Controlling the Tracing of an Interpreter With Hints, Part 4: Benchmarks

This is part 4 and the final part of the series on how to speed up an interpreter written with PyPy by adding JIT hints to the interpreter. Part 1 described how to control the extent of tracing. Part 2 described how to influence the optimizer with promotion and pure functions. Part 3 described a simple object model and how it can be optimized by doing small rewrites. In this (short) post I present some benchmarks.

Benchmarks

For the benchmarks I ran a subset of the benchmarks on http://speed.pypy.org with CPython and four different executables of PyPy's Python interpreter (all with a JIT). The executables contain all combinations of enabling maps (which make instance attributes fast) and type versions (which makes method lookup fast).

  • pypy-slow: contains neither maps nor type versions.
  • pypy-map: contains maps but not type versions.
  • pypy-version: contains type versions but not maps.
  • pypy-full: contains both maps and type versions

The results are as follows:

The graph shows the speedup over CPython's numbers. The results are quite interesting. Maps by themselves do not speed up much over the bare JIT, whereas typed versions alone improve on the JIT baseline in many cases. However, maps are not useless. In combination with type versions they add a nice improvement over just type versions in a number of benchmarks (most notably raytrace-simple and richards but also in crypto-pyaes, django and go).

It's clear that type versions can be arbitrarily effective. A method lookup on a class can be arbitrarily slow, if the inheritance hierarchy becomes deeper and deeper. The full lookup is replaced by one promotion if type versions are enabled.

Maps on the other hand always replace one dict lookup with one promotion. Since dict lookups are already very fast, this by itself does not lead to a gigantic improvement. Only in combination with type versions do they show their full potential.

9 comments:

Winston Ewert said...

It's not clear to me why version + maps combine so well. Maps should effectively eliminate lookups on the instance dict and versions eliminate lookups on the class dict. Both versions would seem to eliminate different classes of lookups, so I'm not seeing why we have dramatic improvement when using them together.

Alex said...

I'm not an expert at CPU architecture, but ISTM eliminating both can eliminate a large number of memory reads which would help with pipelining and other very low level optimizations.
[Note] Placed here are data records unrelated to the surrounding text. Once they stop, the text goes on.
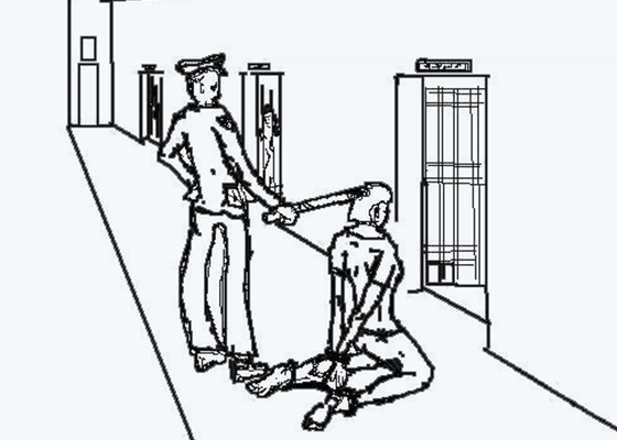 ![]() 中共酷刑示意图:“穿后刑”——将人双手背铐、双膝下跪、双脚戴脚镣,同时将手铐、脚镣用铁丝最短距离串起来 |
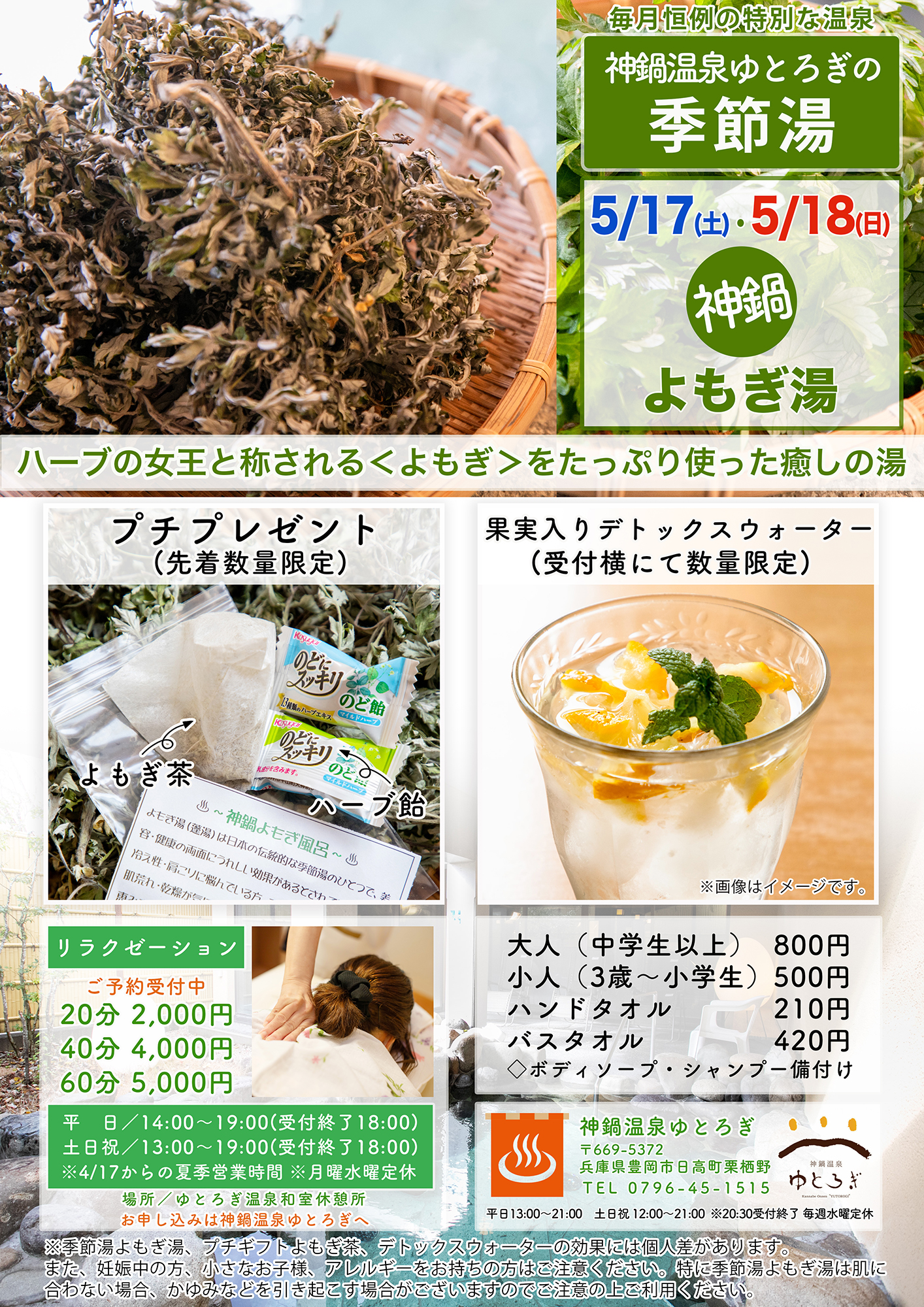 ※季節湯よもぎ湯、プチギフトよもぎ茶、デトックスウォーターの効果には個人差があります。また、妊娠中の方、小さなお子様、アレルギーをお持ちの方はご注意ください。特に季節湯よもぎ湯は肌に合わない場合、かゆみなどを引き起こす場合がございますのでご注意の上ご利用ください。
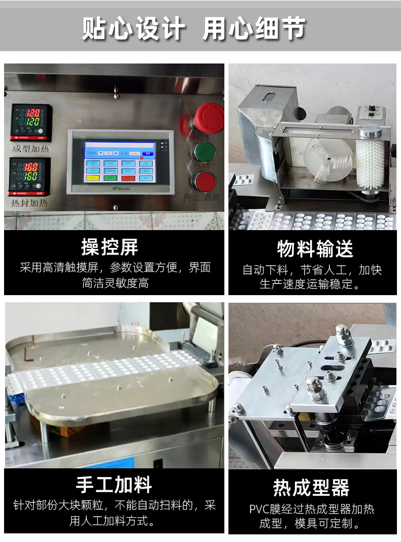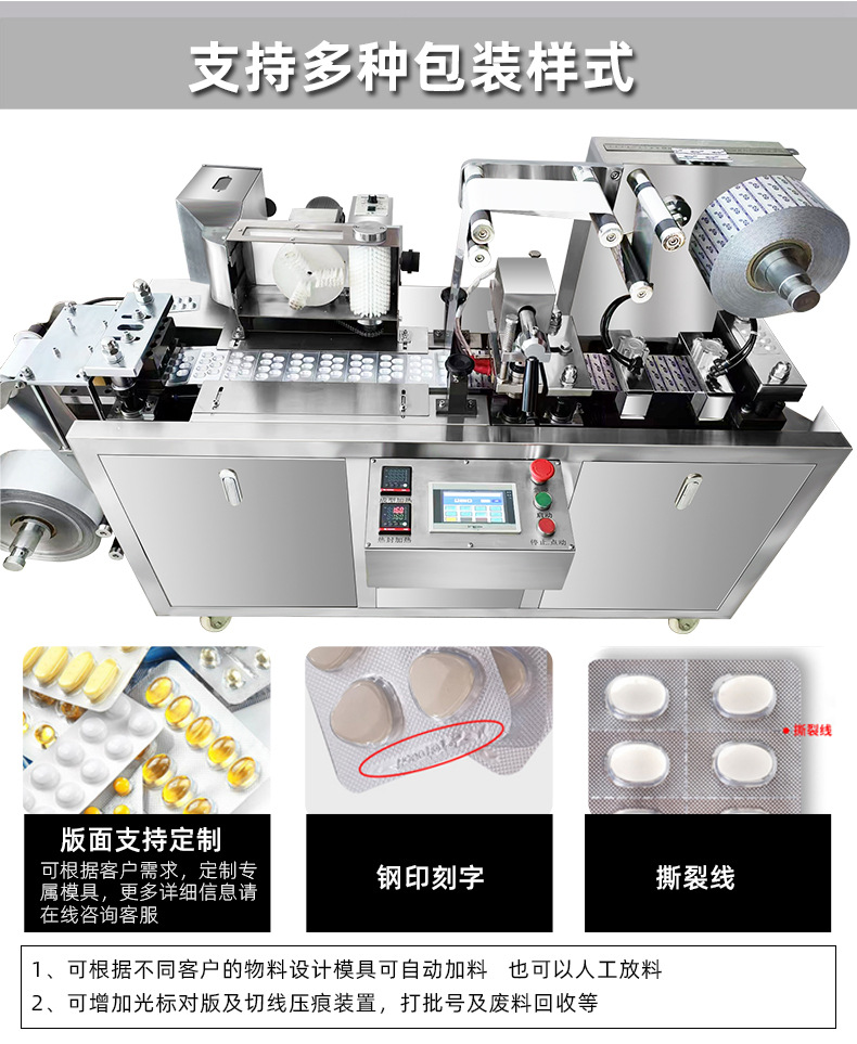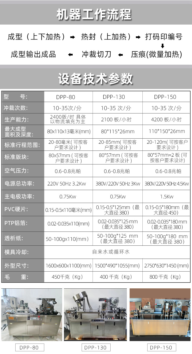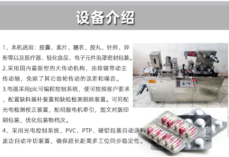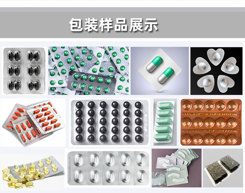 6、本机适用:胶囊、素片、糖衣、胶丸、针剂、异形等以及医疗器、轻化食品、电子元件泡罩密封包装。
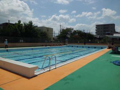 高学年の水泳指導です。4人体制で指導・監視をしています。
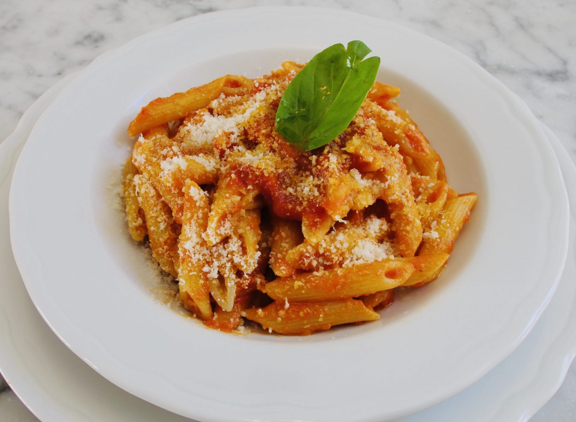 Penne Pasta with Tomatoes Sauce and Grated Parmesan Cheese
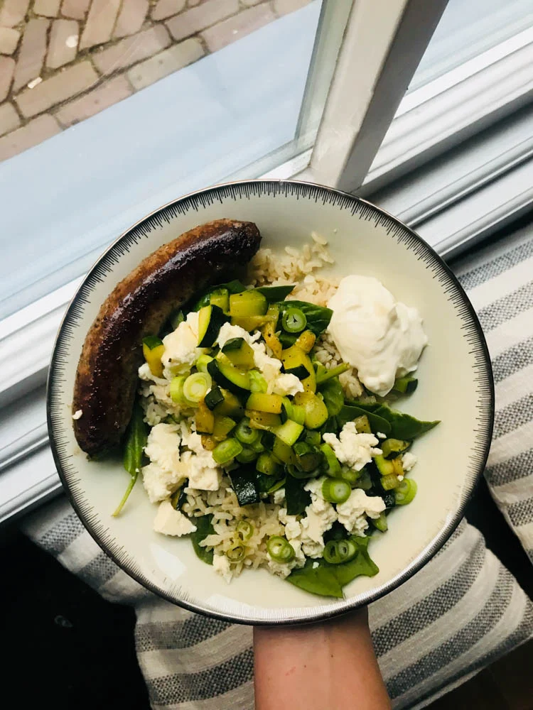 Ik wilde maandag een salade maken van courgette, feta, bosui en spinazie. Met een mix van de Appie: Bulgur/Quinoa. Maar jongens, deze mixen hebben ze dus bij ‘mijn’ AH uit het schap gehaald. Als in; komen niet meer terug. Be-lachelijk. Top zijn die mixen. Vooral handig en snel in gebruik. Toevallig tipte ik er een vriendin laatst over en ze vertelde me vorig weekend nog dat ze nu standaard 3 van die zakken in huis had. Gaat nu dus niet meer. Zonde Appie Heijn. Zorg er maar snel voor dat ze weer terug komen. Erbij trouwens een runderbraadworstje. Vonden we er wel lekker bij. En de mix werd vervangen door zilvervliesrijst.

Carl Friedrich Bolz-Tereick said...

@Winston: I actually have no clue :-). The numbers are hard to deny though. I plan to stare at the traces a bit next week, can comment here if I find something interesting.

Carl Friedrich Bolz-Tereick said...

@Winston: ok, I probably found out. Your reasoning is too simple because usually you do several lookups on the same object in a row. Every lookup looks first in the class, then in the instance. So it looks a bit like this:

lookup name1 in obj.__class__
lookup name1 in obj.__dict__
lookup name2 in obj.__class__
lookup name2 in obj.__dict__
lookup name2 in obj.__class__
lookup name2 in obj.__dict__

when using maps, every lookup in the dict is simply reading the map, promoting it and then a read. after the promotion of the map, the instance's layout is fully known. however, if type versions are disabled, the lookups in the class are complex operations that are opaque to the JIT. Therefore the JIT assumes they can change the layout and thus the map of the object.
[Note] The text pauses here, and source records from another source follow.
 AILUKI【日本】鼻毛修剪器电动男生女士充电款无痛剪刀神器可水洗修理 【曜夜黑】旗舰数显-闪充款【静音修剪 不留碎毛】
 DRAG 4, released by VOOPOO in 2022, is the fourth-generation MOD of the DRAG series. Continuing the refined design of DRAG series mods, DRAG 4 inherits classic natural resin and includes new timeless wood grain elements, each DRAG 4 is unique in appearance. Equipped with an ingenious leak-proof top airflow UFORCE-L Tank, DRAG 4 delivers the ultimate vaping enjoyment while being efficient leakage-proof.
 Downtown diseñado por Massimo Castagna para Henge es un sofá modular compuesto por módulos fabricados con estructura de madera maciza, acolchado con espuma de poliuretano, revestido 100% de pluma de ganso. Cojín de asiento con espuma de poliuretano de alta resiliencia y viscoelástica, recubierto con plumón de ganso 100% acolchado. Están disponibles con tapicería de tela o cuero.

If you also enable type versions, then the class lookups are understandable to the JIT. therefore the JIT can see that the class lookup didn't change the layout of the class. This means that after the first instance lookup, the following instance lookups cost nothing at all.

klaussfreire said...

I think an important improvement brought about by maps is the memory footprint reduction.

It won't matter all the time, but it makes all classes as space-efficient as if they used __slots__, all automagically, which is no small thing.
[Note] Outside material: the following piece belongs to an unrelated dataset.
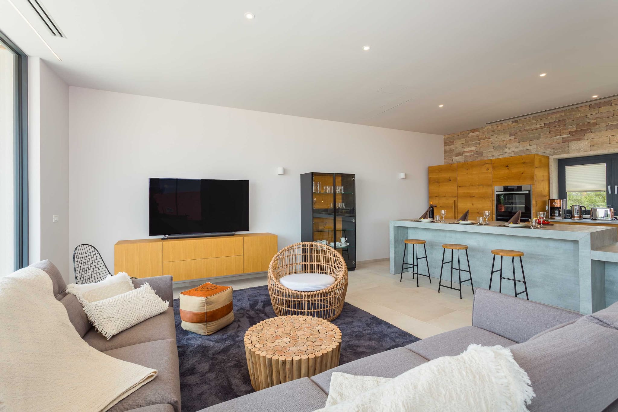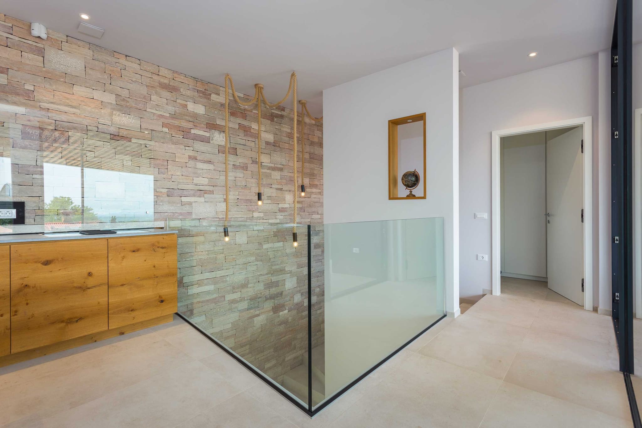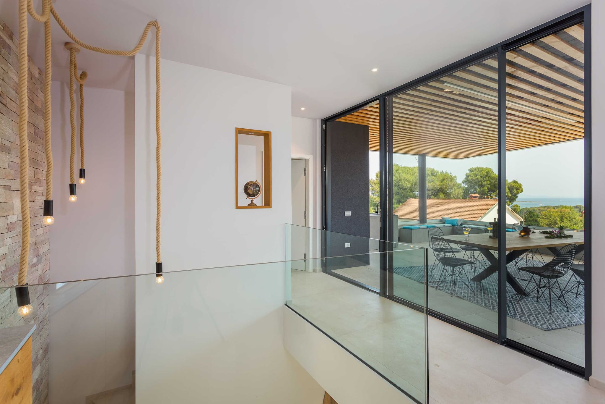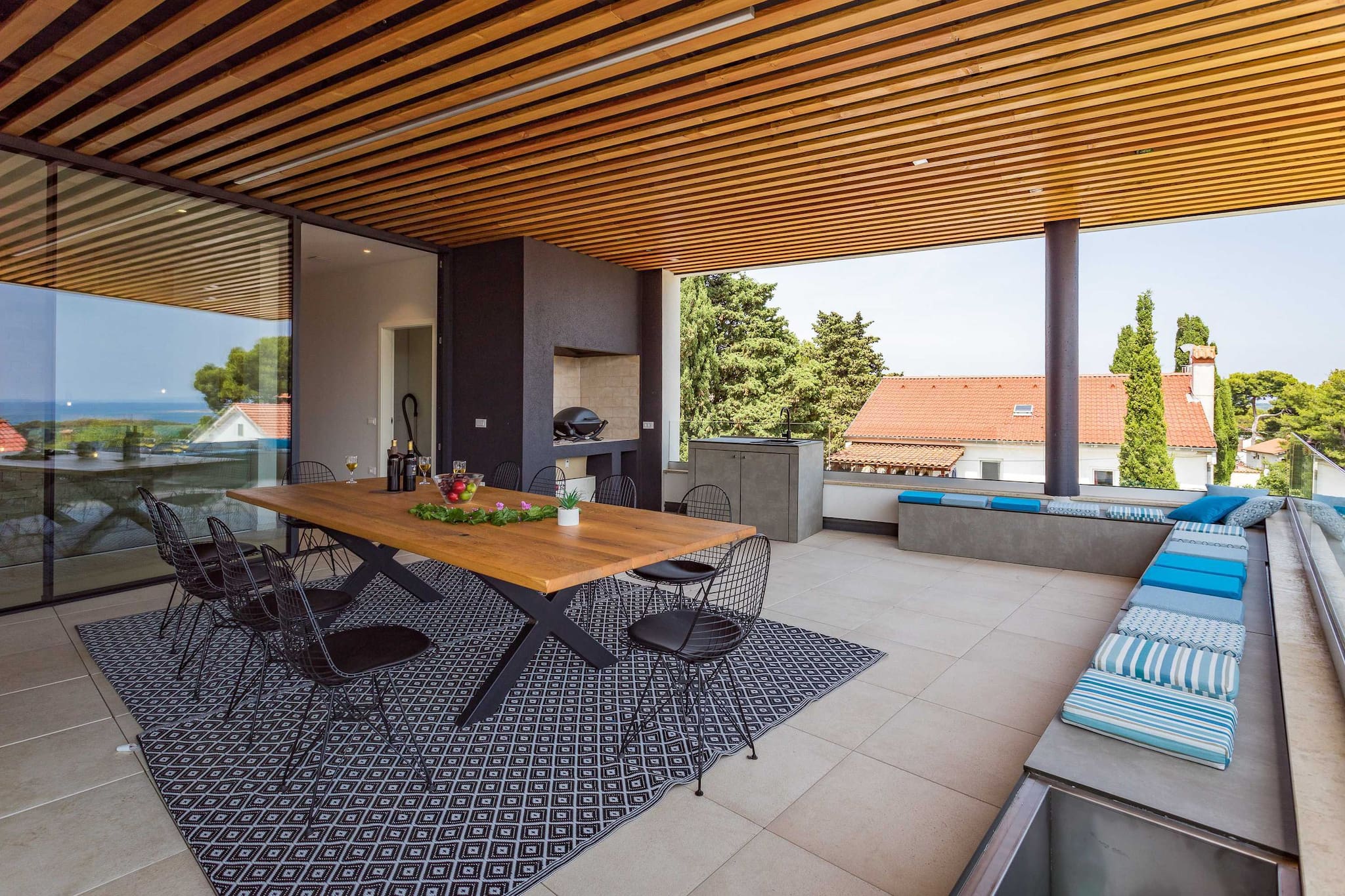 Beautifully designed staircase leads to a living room with sea view and lounge area, big kitchen with dining area and a big terrace with outdoor dining area and outstanding view. Guests can use BBQ facilities and dine enjoying the sea breeze.

For programs that handle lots of small objects, this can really make a difference, in memory consumption and speed (less memory to shuffle around will invariably be faster)

Perhaps the benchmark suite doesn't have enough of those cases.

Maciej Fijalkowski said...

@cfbolz I think one reason why maps+version tags are fast is because we lack jit.unroll_safe on several lookup functions when version tags are disabled. Marking them as unrollable would speed things up.

The reasoning behind this is that old style classes which have maps, but no version tags are much faster than new style classes with version tags disabled.

Winston Ewert said...

Thanks for taking the time to answer my query.

The use of class versions eliminates the opaque function being called because the JIT knows the return will be constant. This allows optimizations to work correctly. But this makes me wonder how much of the improvement is due to class versions and how much is due to lack of opaqueness.

At any rate, I always find the posts on this blog very interesting. It definitely some neat stuff you are doing here.

Carl Friedrich Bolz-Tereick said...

@fijal I thought old-style classes had celldicts? That's yet another thing, but your point is still correct.

Benjamin said...

I'd love to see a blog post about conventions to favor or avoid while writing python code to best take advantage of these excellent features. For example, your previous post implied something like this would be faster than changing the class directly:

class Counter(object):
....def __init__(self):
........self.count = 0
....def increment(self):
........self.count += 1

class Many(object):
....counter = Counter()
....def __init__(self):
........self.counter.increment()

Granted, it would be preferable, from a coding standpoint, to just use a simple class attribute, but the adaptations that would likely work best for the pypy JIT seem like far smaller divergences from the 'ideal' python than many other lengths people go to when coding for speed, particularly compared to something like cython.